Billy Robles

No. 10 – Rizal Golden Coolers
- Position: Point guard
- League: MPBL

Personal information
- Born: May 30, 1992 (age 34)
- Listed height: 6 ft 0 in (1.83 m)

Career information
- College: NIPSC
- PBA draft: 2016: undrafted
- Playing career: 2016–present

Career history
- 2016–2017: Rain or Shine Elasto Painters
- 2018–2021: Davao Occidental Tigers
- 2022–2023: Phoenix Super LPG Fuel Masters
- 2023: Makati OKBet Kings
- 2023–2025: Nueva Ecija Capitals / Rice Vanguards
- 2026–present: Rizal Golden Coolers

Career highlights
- MPBL champion (2021); MPBL All-Star (2026); MPBL Sportsmanship award (2020);

= Billy Robles =

Filipino basketball player

Billy Ray Robles (born May 30, 1992) is a Filipino professional basketball player for the Rizal Golden Coolers of the Maharlika Pilipinas Basketball League (MPBL).

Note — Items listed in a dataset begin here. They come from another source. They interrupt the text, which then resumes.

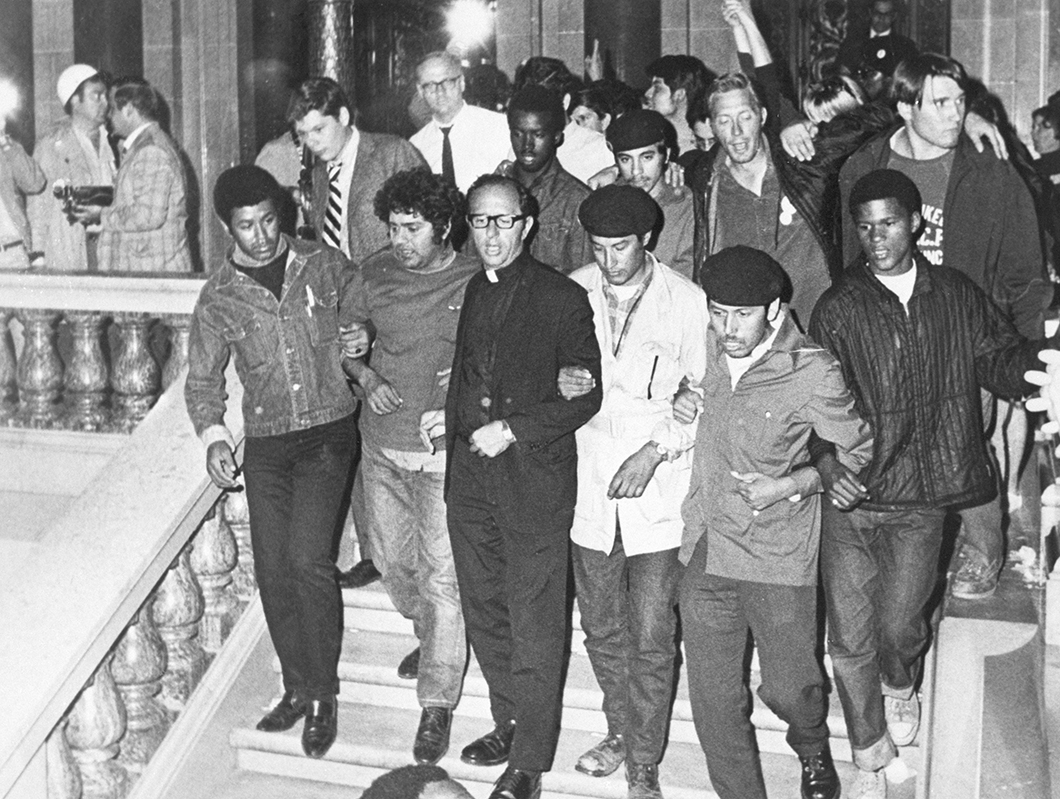 ▲ Milwaukee was a center of protest during the civil rights movement in the 1960s. De facto segregation was the main issue. (De facto segregation is when segregation exists even though it is not required by law.) It affected housing, schools, and jobs. James Groppi, a Catholic priest, and Vel Phillips, the first Black woman elected to the city council in Milwaukee, worked to address racism in the city. Groppi (above, center) led marches every day for 200 days to protest housing discrimination. (Housing discrimination is treating someone looking for a home unfairly because they are different in some way, such as race or religion.) Phillips proposed a fair-housing law. In 1968, Milwaukee passed such a law, and Congress passed the Fair Housing Act, which prohibited housing discrimination nationwide.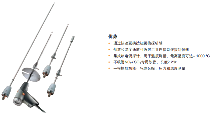 熱電偶可以并行測(cè)量煙氣中的溫度,并包含防熱手柄,可防止金屬手柄上的任何燃燒。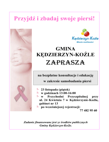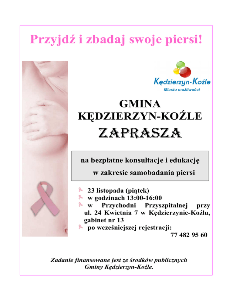 Przyjdź i zbadaj swoje piersi! GMINA KĘDZIERZYN-KOŹLE ZAPRASZA na bezpłatne konsultacje i edukację w zakresie samobadania piersi 23 listopada (piątek) w godzinach 13:00-16:00 w Przychodni Przyszpitalnej przy ul. 24 Kwietnia 7 w Kędzierzynie-Koźlu, gabinet nr 13 po wcześniejszej rejestracji: 77 482 95 60 Zadanie finansowane jest ze środków publicznych Gminy Kędzierzyn-Koźle.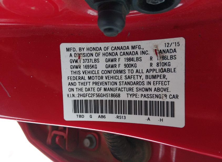 - VIN: 2HGFC2F56GH518668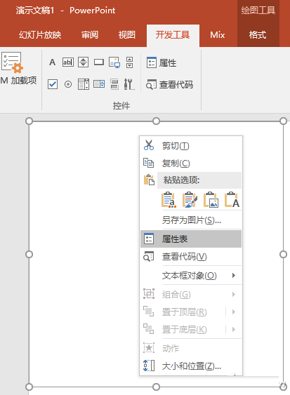 接下来切换到“开发工具”选项卡,点击工具栏上的文本框ActivX控件按钮(带ab符号的图标),然后在幻灯片上画出一个文本框控件。右击控件框,从右键菜单中选择“属性表”。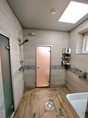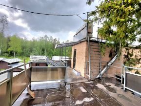 В продаже, участок 6 соток, поднят на 70см, укреплен по периметру бетонной подпорной стеной толщиной 40см, заезд на участок бетонная плита, устроен дренаж вокруг всех строений, участок благоустроен и ухожен. Дорога вдоль участка расширена, утрамбована щебнем. Над входом на участок установлен большой навес. Вода на участке питьевая — скважина. Электричество более 15квт. Канализация септик переливной. Дом, общей площадью 98кв. М, 2 этажа, фундамент бетонная плита, стены кирпич, утеплен эктрудированным пп, перекрытия бетон, крыша металл 0.7мм, утеплена каменной ватой, сделан теплорасчет, на первом этаже прихожая, комната с печью и камином, душевая, парная комната, туалет, теплый пол, на втором этаже комната 12 кв. М и комната 13,5кв. М с балконом, дом отапливается печью, камином, теплые полы, окна стеклопакеты, вода заведена в дом, горячая вода газовая колонка от газового баллона. Во дворе бассейн 5х4, бетонная чаша, глубина 2.5 метра, лицевая отделка пленка для бассейнов, имеет бетонное техническое помещение. Зимняя беседка 3х4, окна стеклопакеты, вода заведена, электричество в беседке, пол плитка, отапливается — теплый пол + батарея, крыша бетонная плита, на крыше беседки устроена открытая терасса, с огорождением и возможностью нырять в бассейн. Имеется гостевой дом, каркасный, фундамент плита, стены утеплены, крыша бетонная плита, 2 этажа, общей площадью 60кв. М, отопление от дизельного котла, по две батареи на каждом этаже, отдельный вход на второй этаж, вода в доме на 1 этаже, плита газовые баллоны. На участке имеется подземный, бетонный, сухой погреб, с отдельным входом, площадью 20кв. М, высота потолка 2,10м, пол, потолок, стены бетонные, внутренняя обшивка вагонкой, в погребе вода, электричество. Теплица на бетонном фундаменте размером 7х3,5м. Имеется крытый дровяник. Все работы на участке выполнены качественно, на долгие лета. Соседи по участку доброжелательные. Участок в окружении леса, грибы и ягоды рядом с домом, пение птиц, тишина, полный комфорт для отдыха и загородной жизни. Недалеко река Оредеж и Суйда. Дополнительно, можно выкупить два соседних участка. Магазин в шаговой доступности. От ж/д Красницы ходит маршрутка. До метро Московская, Купчино — 50 минут на машине, до Вырицы — 10 минут. В Вырице есть многие сетевые магазины, Пвз маркет-плейсов.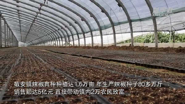 近日,江苏沛县敬安镇,正值辣椒种子收获的季节,田间地头一片忙碌景象。辣椒育种作为敬安镇的特色传统产业,有近50年的发展历史。该镇的辣椒育种基地采用电力地热丝控制土壤温度,用大型排气扇控制环境温度等措施来提高辣椒种子质量。敬安镇辣椒育种种植达1.6万亩,是全国辣椒育种集中度最高、品种最多的基地,年生产辣椒种子80多万斤,销售额达5亿元,直接带动镇内2万农民致富。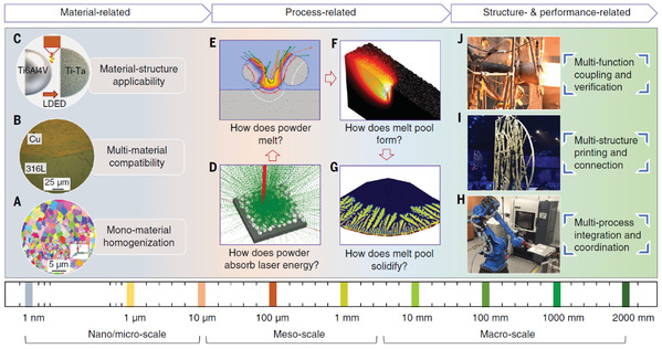 本文建立了“材料–结构–性能一体化增材制造”的跨尺度实现原理及调控方法,包括微观尺度的材料组织与界面调控、介观尺度的粉末激光熔凝及致密化工艺控制、宏观尺度的构件结构与性能精确协调。本文进一步对“材料–结构–性能一体化增材制造”未来发展方向进行了总结与展望,包括更加数字化的材料创成和结构创新、更具自主决策功能的打印装备、更加智能化的打印过程、更加多元融合的打印工艺、更加绿色可持续的打印技术及应用等。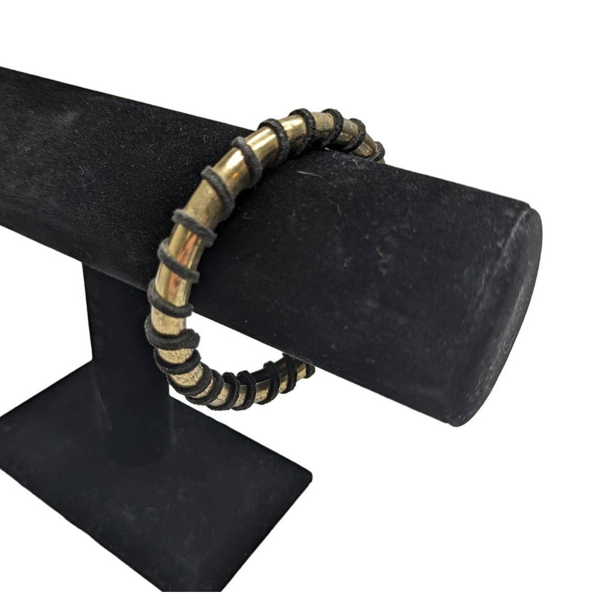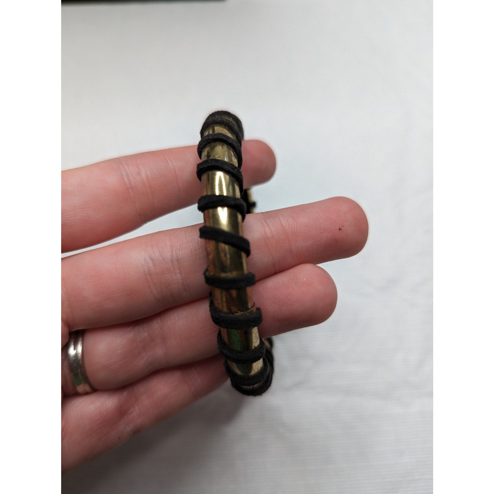 Vintage 1970s Womens Round Bangle Bracelet Fold Tone Leather Wrapped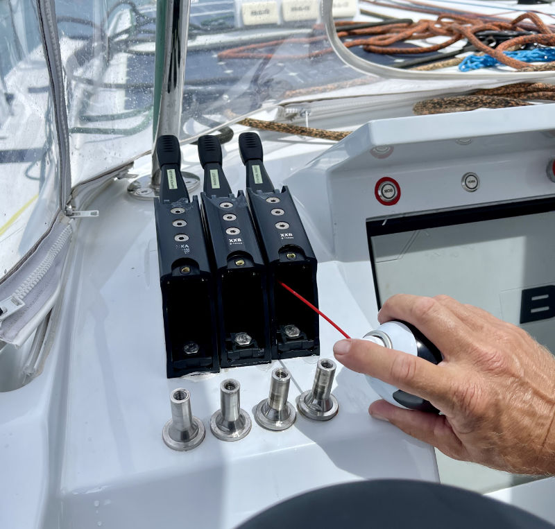 On the other hand, an open clutch will allow a line to move easily in either direction so we can trim a line (shorten) or ease a line (lengthen). Suppose we were sailing and suddenly a big breeze came up and we needed to release a sail because there was more power than we wanted. The line would run through an opened clutch to the release pressure on the sail.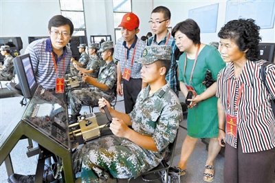 7月28日,来自全国各地的200名全国劳动模范来到北京军区某坦克师,观看了仪仗队表演和官兵们的模拟战术训练。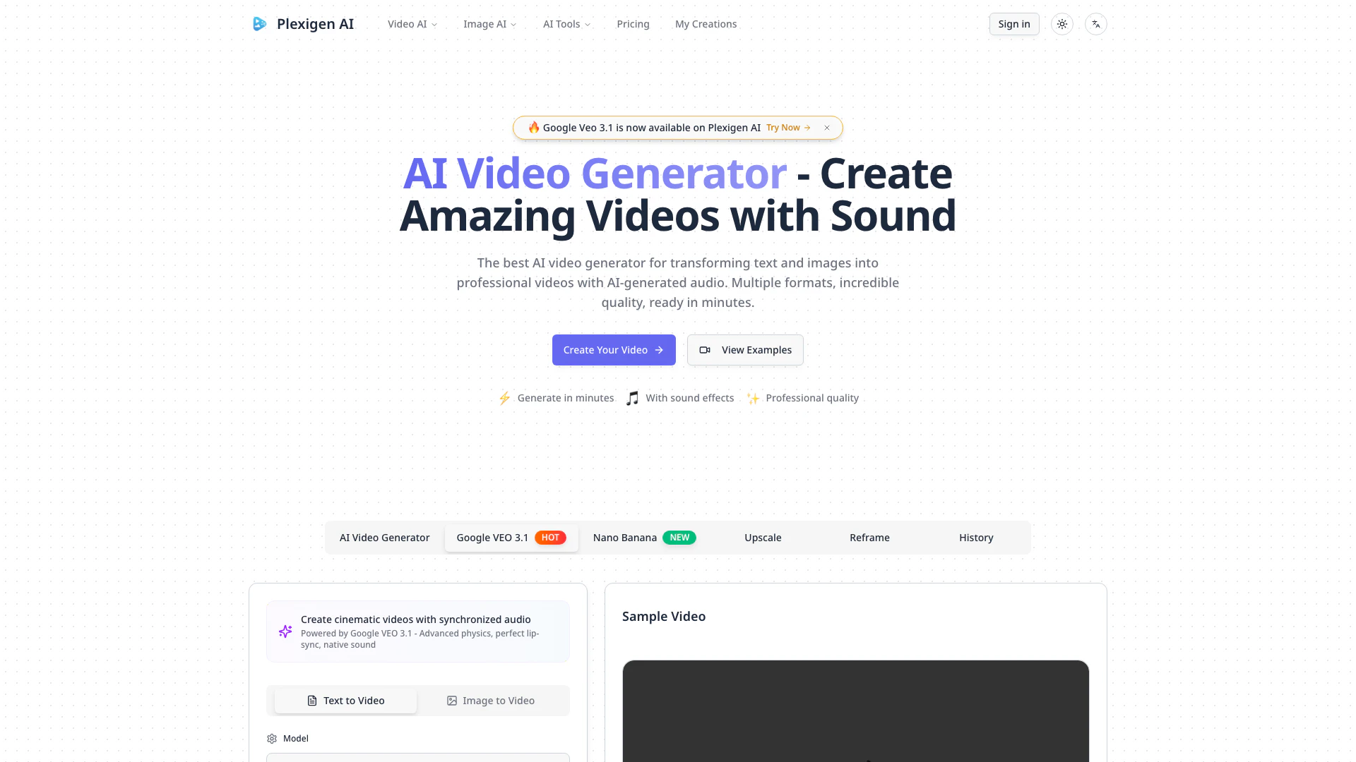 Plexigen AI là một trình tạo video AI tiên tiến được thiết kế để tạo ra video chất lượng cao từ văn bản và hình ảnh, kèm theo âm thanh đồng bộ. Công cụ sáng tạo này tận dụng công nghệ tiên tiến, bao gồm Google VEO 3.1, để cung cấp nội dung video chuyên nghiệp một cách nhanh chóng và hiệu quả. Với Plexigen AI, người dùng có thể biến ý tưởng của họ thành những video động ở nhiều định dạng khác nhau, khiến nó trở thành giải pháp lý tưởng cho mạng xã hội, tiếp thị và các dự án sáng tạo.

Robles played his college career at Northern Iloilo Polytechnic State College before trying out in the PBA D-League and Pilipinas Commercial Basketball League (PCBL). He went undrafted in the 2016 PBA draft but later signed a deal with the Rain or Shine Elasto Painters, although he didn't get any significant playing time. In 2018, he joined the expansion Davao Occidental Tigers of the then-amateur Maharlika Pilipinas Basketball League (MPBL) and won a championship with the team in 2021.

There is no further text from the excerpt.